Data records:
⁂

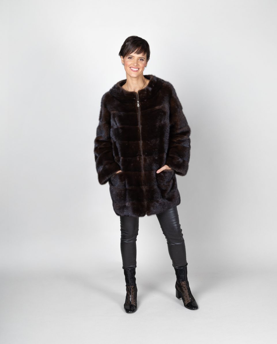 Abrigo de mujer de pelo de visón con cremallera en color marrón trabajado con pieles en horizontal. Cuello a la caja. Bolsillos horizontales; marca De la Roca.
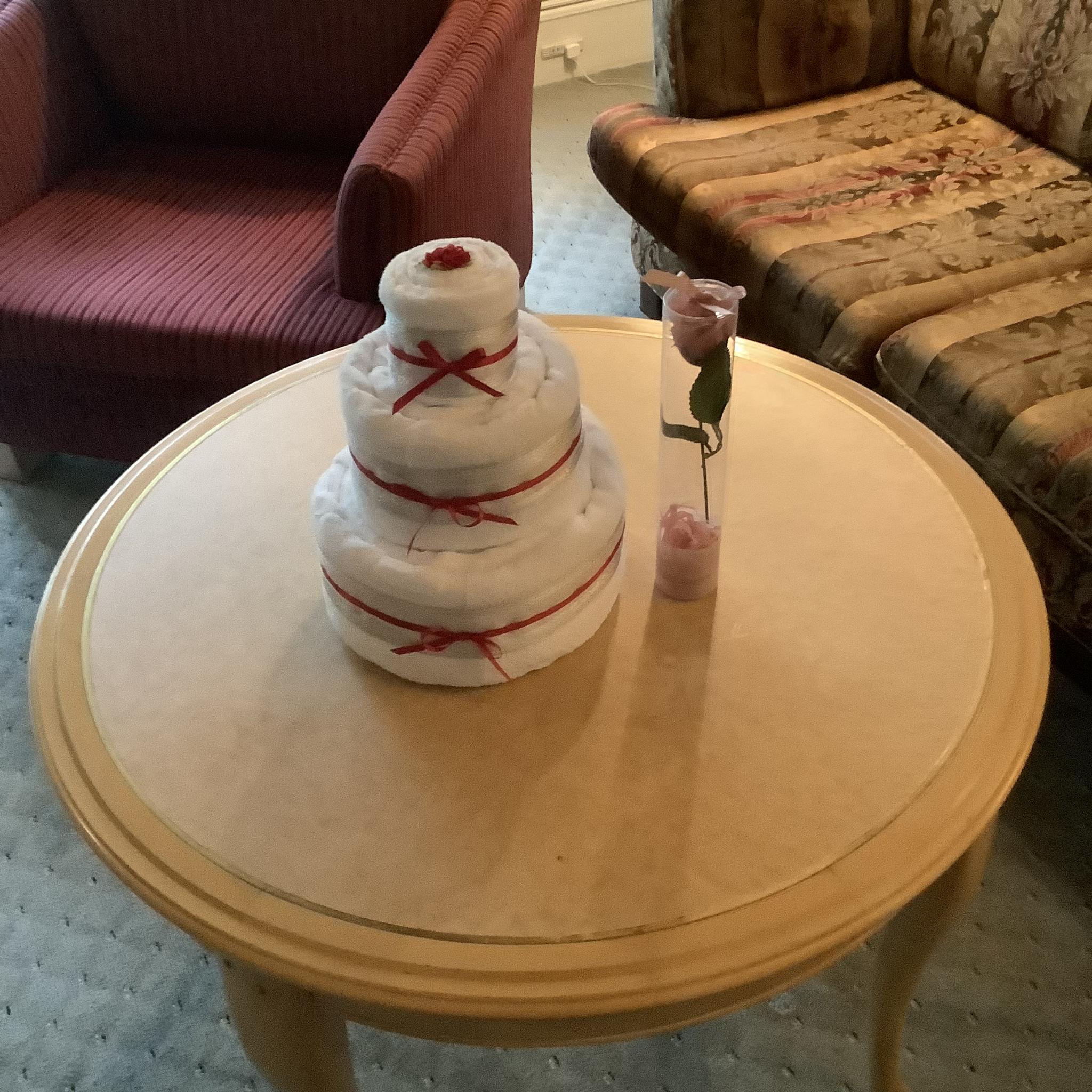 お部屋にサプライズのタオルケーキとお花、さすがホームですね(*^-^*)
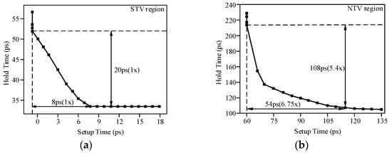 - Golanbari, M.S.; Kiamehr, S.; Tahoori, M.B. Hold-time violation analysis and fixing in near-threshold region. In Proceedings of the 26th International Workshop on Power and Timing Modeling, Optimization and Simulation (PATMOS), Bremen, Germany, 21–23 September 2016; pp. 50–55. [Google Scholar] [CrossRef]
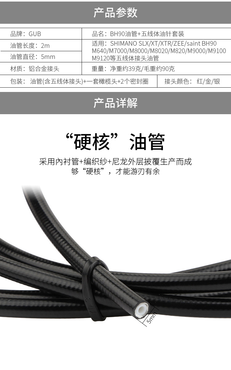 適用:SHIMANO SLX/XT/XTR/ZEE/saint BH90/M640/M7000/M8000/M8020/M820/M9000/M9100/M9120等五線(xiàn)體接頭油管
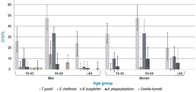 The frequency of seropositivity was statistically higher as the age group increased: 0.7% in individuals under 30 years of age and 40% in older adults. The frequency of T. gondii (47.3%), B. burgdorferi (33.3%), A. phagocytophilum (9.52%), E. chaffensis (2.3%) andL. interrogans (2.3%) was statistically higher in women over 50; the frequency of C. burnetii (2.3%) and F. tularensis (2.3%) was statistically lower in young adults. On the other hand, the seropositivity of T. gondii (47.5%), B. burgdorferi (33.5%), E. chaffensis (14.3), C. burnetii (6.64%), F. tularensis (6%), A. phagocytophilum (4.89%) andL. interrogans (1.4%) was statistically higher in men between 45 and 50 years of age (Figure 1).
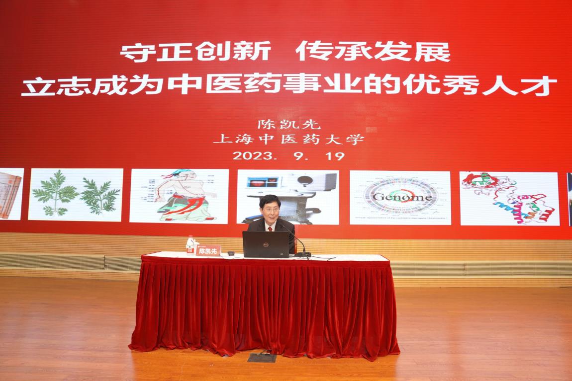 开班仪式后,陈凯先以“守正创新 传承发展——立志成为中医药事业的优秀人才”为主题,面对面和同学们深入交流,系统阐释了中医药在当代的重要价值寄语新生弘扬新时代科学家精神传承中华民族优秀文化为一流大学建设贡献力量,在中医药现代化进程中砥砺奋进。
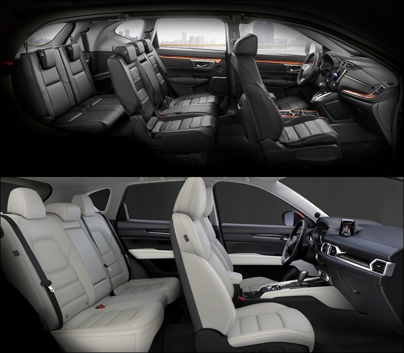 Nội thất của Mazda CX-5 và Honda CR-V đều thể hiện những phong cách rất riêng. Đối với CR-V thiên về sự thanh lịch, thoải mái còn CX-5 lại thiên về sự năng động, tính thể thao và có phần mạnh mẽ hơn:
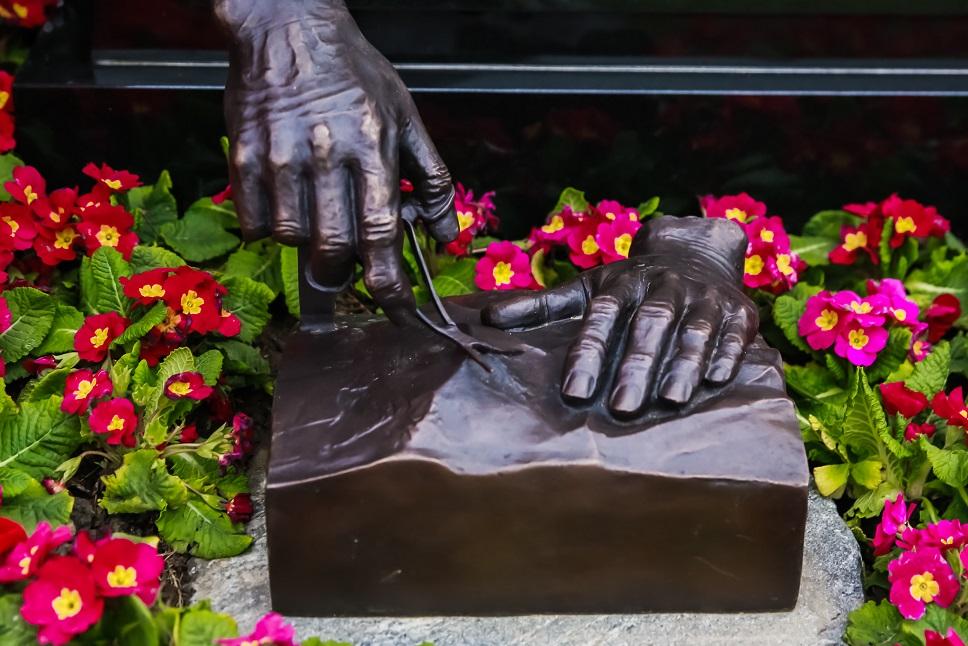 落葬现场,吴孟超院士、吴佩煜教授的纪念像巍然屹立。纪念像由上海大学美术学院副院长、雕塑系主任蒋铁骊创作。吴孟超院士穿着爱了一生的军装目视远方,平和的眼神中透着坚定。纪念像右侧的一方石碑上,寥寥数语凝练了吴老一生的努力与突破,左下角摆放着吴老右手手模,这只手食指、无名指关节异于常人,是经年累月与手术刀并肩战斗刻画的痕迹,不禁让人无限感慨。

⁂

** YOUR OBJECTIVE **
This exercise asks for an exact copy of the lines from the first one in the data through the line that contains "お部屋にサプライズのタオルケーキとお花、さすがホームですね(*^-^*)", pictures excluded.

** TASK RESPONSE **
 Abrigo de mujer de pelo de visón con cremallera en color marrón trabajado con pieles en horizontal. Cuello a la caja. Bolsillos horizontales; marca De la Roca.
 お部屋にサプライズのタオルケーキとお花、さすがホームですね(*^-^*)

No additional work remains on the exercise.